»Kein Verständnis für gemeinwohlorientierte Stadtentwicklung«: Hallen Kalk vor ungewisser Zukunft

Knall nicht gehört

Nach dem Debakel um die Hallen Kalk gerät ­Ober­bürgermeisterin Henriette Reker unter Druck

»Manchmal braucht es einen Knall, damit alle wach werden«, sagt Niklas Kienitz (CDU). Der Knall, das war der Ausstieg der »Montag Stiftung Urbane Räume« aus dem Projekt Hallen Kalk. Auf dem früheren KHD-Areal an der Dillenburger Straße soll ein Quartier entstehen mit Platz für bürgerschaftliches Engagement, Werkstätten, Ateliers, Gastronomie, initiiert und getragen von der Zivilgesellschaft. Die Montag-Stiftung sollte als Erbpachtnehmer, Projektentwickler und Betreiber eine entscheidende Rolle spielen. Nach deren Rückzug droht das Projekt zu scheitern.

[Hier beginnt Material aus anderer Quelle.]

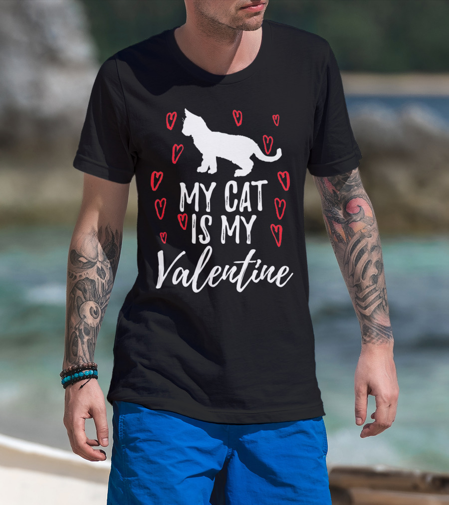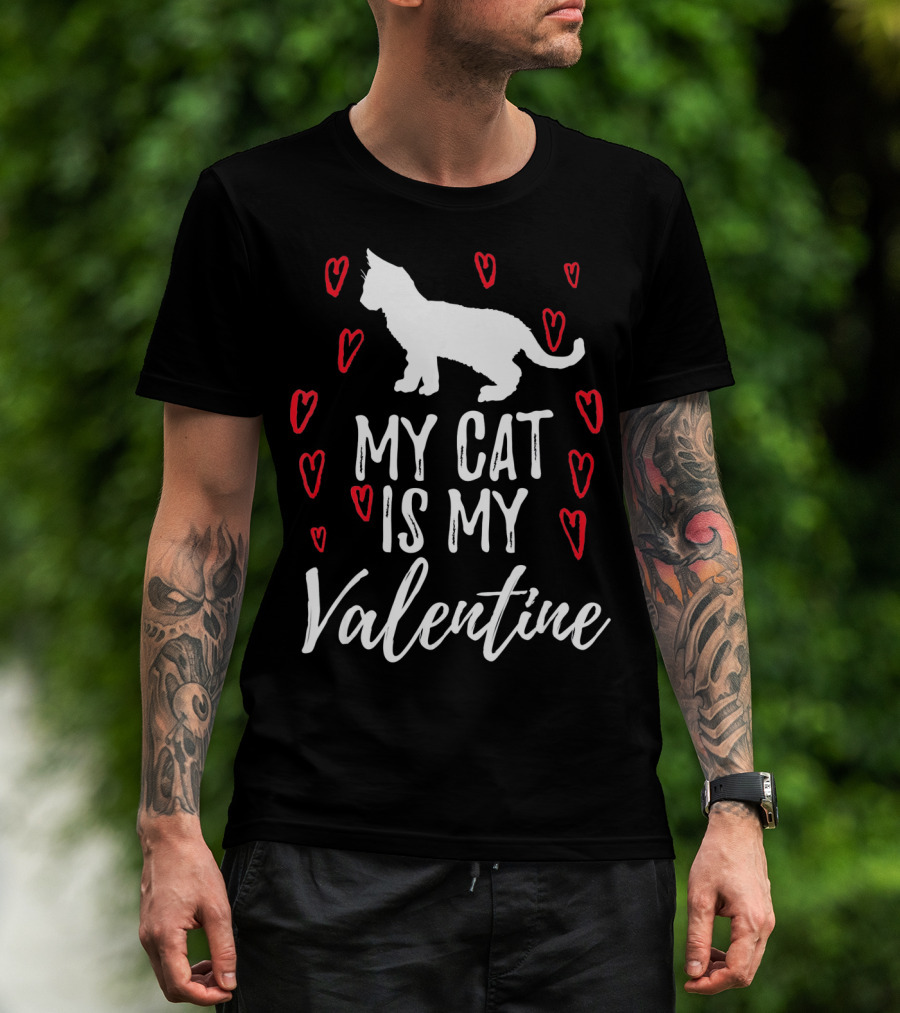 The My Cat is My Valentine Hearts T-shirt is designed for everyday wear and a consistent fit. Fabric is pre-shrunk ring-spun cotton with durable stitching. See the size chart below for exact measurements.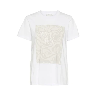 KAFFE Women's T Shirt Statement Tee Crew Neck Regular Fit Short Sleeves, Optical White, XS

Für ein solches Projekt sei maximale Verlässlichkeit, ein abgesteckter Handlungsrahmen und ein striktes Zeitmanagement unabdingbar, so die Stiftung. »Dieses sehen wir auf Seiten der Stadt Köln nicht mehr gegeben.« Daraufhin meldeten sich Initiativen zu Wort, die sich um die Entwicklung weiterer alter Industrieflächen bemühen, etwa das Otto-und-Langen-Quartier in Mülheim oder das Fort X im Agnesviertel. Sie beklagten, in der Verwaltung führten fehlende Projektsteuerung und Zusammenarbeit der Ämter dazu, dass Gespräche verweigert oder Vereinbarungen über Nacht geändert würden. Besonders negativ sei das Liegenschaftsamt aufgefallen, dort ist die Leitung vakant. »Offenbar fehlt in Teilen das Verständnis für eine gemeinwohlorientierte Stadtentwicklung«, so Michael Weisenstein (Linke). »Man war lange darauf spezialisiert, Liegenschaften an Investoren zu verhökern.«

Der Knall war so laut, dass der Rat sich in einer Aktuellen Stunde mit dem Thema beschäftigte und auch OB Henriette Reker unter Druck setzte. Christiane Martin (Grüne) sprach von einem »Alarmsignal«. Niklas Kienitz kritisierte, dass die Stadt die selbst gesteckten Ziele zur gemeinwohlorientierten Stadtentwicklung verfehle. »Was die OB selbst in ihrem Vorwort zur Stadtstrategie 2030 gefordert hat, gelingt nicht«. In der Verwaltung brauche es »ein anderes Mindset«, eine übergreifende Zusammenarbeit, so Kienitz.

Reker bezeichnete hingegen die Erwartungen der Initiativen als »vollkommen unrealistisch«. Einige würden es verstehen, »Aufmerksamkeit zu erzeugen«, teils mit »ideologischen Wünschen«, aber nicht jeder gute Wille sei Grund für Zuwendungen. Rekers Rede ließ nicht nur die Initiativen irritiert zurück. Michael Weisen­stein sagt, man könne Reker auch so verstehen, dass sie »die Akteure spalten will: in diejenigen, die wertvolle ehrenamtliche Arbeit machen und nicht viel darüber reden, und die, die sich gut artikulieren und die Hand aufhalten.«

In einem Brief erläuterte die OB später, ihr Beitrag habe sich an die Ratsmitglieder gewandt, mit der Bitte »in Zeiten der Rezession die Balance zwischen Wünschenswertem und Machbaren« einzuhalten. Zu oft sei zu viel versprochen und zu wenig gehalten worden.

Dem würde wohl sogar die Montag-Stiftung zustimmen. »Es wäre in Köln sinnvoll, innezuhalten und grundsätzliche Fragen zu debattieren: Welche Rolle soll zivilgesellschaftliche Aktivität in der Stadtentwicklung spielen, welchen Erwartungshorizont kann man haben?«, so Vorstand Stefan Anspach. »Was sind Möglichkeiten und Grenzen ehrenamtlichen Engagements? Man muss das miteinander besprechen, damit Stadt und zivilgesellschaftliche Akteure überhaupt in einer strukturierten Form zusammenkommen können.« Auch Kienitz hält eine Debatte über die Rahmenbedingungen für sinnvoll. Man werde sich im Bündnis mit Grünen und Volt austauschen. Einen Grundsatz­beschluss wird es aber wohl nicht geben. Was genau anders werden soll, sagten die Politiker nicht. Die ­Aktuelle Stunde endete mit dem Beschluss: wird zur weiteren Bearbeitung an die Verwaltung verwiesen.